# Step 1: Prepare Data

To load the raw molecule data for experiment, do the following:

1. Find the molecular file in mol2 format from the [Protein Data Bank](https://www.rcsb.org/downloads/ligands) (PDB) and download it. In this example, [117 ligand](http://www.rcsb.org/ligand/117) is used.
2. Upload the molecular file to the directory **source/src/molecular-folding/molecule-data**.
3. Update the parameter 'raw_path' to be the relative path of the file.
4. Update the parameters 's3_bucket' and 'prefix', which are used to store the optimization results. 

    **Note**: You can use the S3 bucket name in the CloudFormation output.

In [None]:
from utility.MoleculeParser import MoleculeData
from utility.QMUQUBO import QMUQUBO
from utility.AnnealerOptimizer import Annealer
from utility.ResultProcess import ResultParser
import time

timestamp = time.strftime("%Y%m%d-%H")

In [2]:
# initial parameters for experiment data
s3_bucket = f"xxxx" # the name of the bucket
prefix = "xxxx" # the name of the folder in the bucket

raw_path = './molecule-data/117_ideal.mol2' # the mol2 file for this experiment

In [3]:
mol_data = MoleculeData(raw_path, 'qmu')

data_path = mol_data.save("latest")

num_rotation_bond = mol_data.bond_graph.rb_num
print(f"You have loaded the raw molecule data and saved as {data_path}. \n\
This molecule has {num_rotation_bond} rotable bond")
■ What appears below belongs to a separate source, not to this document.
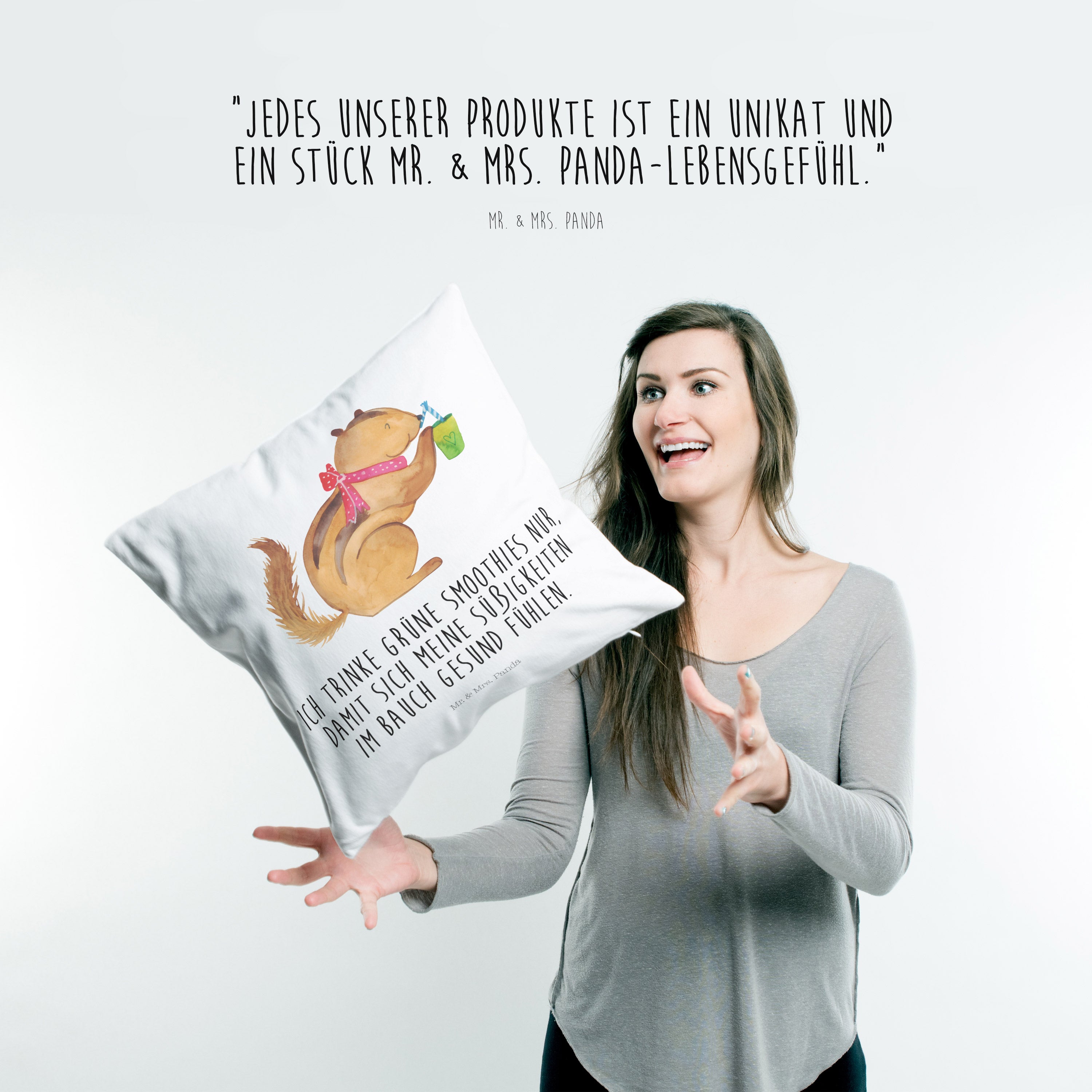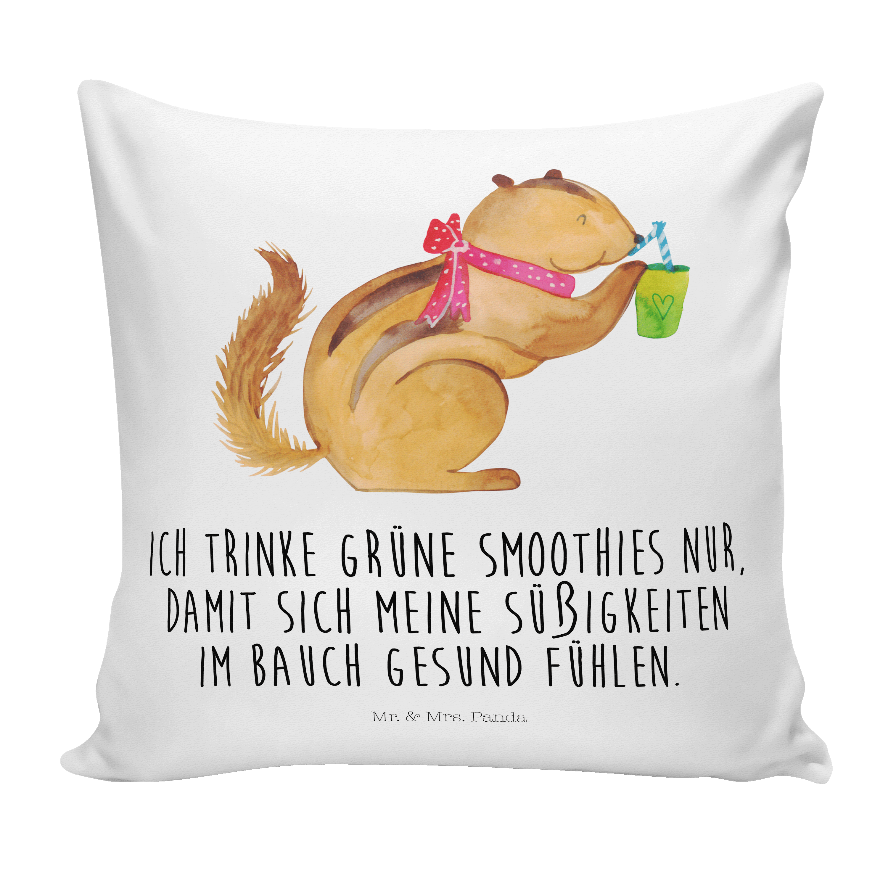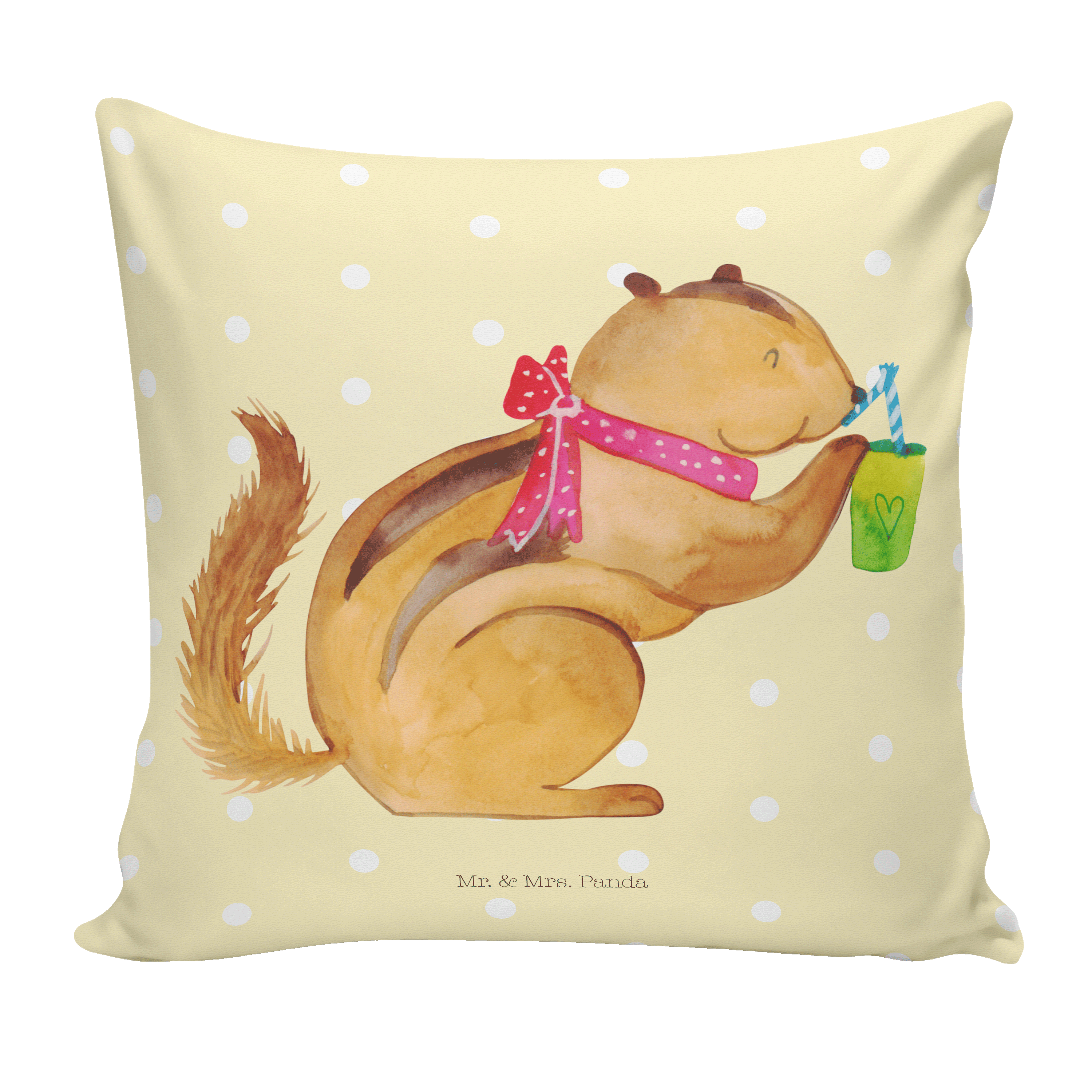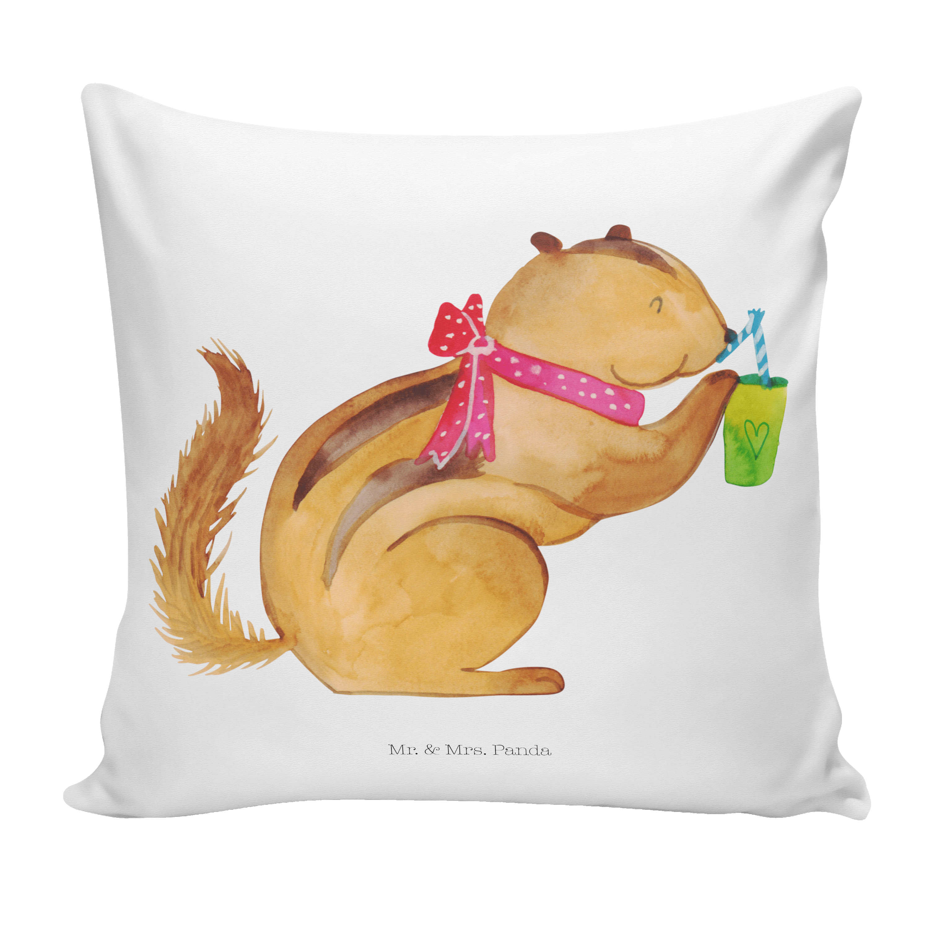 Du dachtest, du hättest schon alles gesehen, aber dann siehst du das niedliche Streifenhörnchen auf deinem neuen Eichhörnchen Smoothie Kissen. Das kleine Kerlchen schlürft genüsslich an einem Smoothie und du kannst dich gar nicht satt sehen an diesem entzückenden Motiv.

INFO:root:parse mol2 file!
INFO:root:finish save qmu_117_ideal_data_latest.pickle


You have loaded the raw molecule data and saved as ./qmu_117_ideal_data_latest.pickle. 
This molecule has 23 rotable bond


After running, the result
will be saved as **qmu_117_ideal_data_latest.pickle**
and **data_path** will be updated. The output shows that this molecule has 23 rotatable bonds.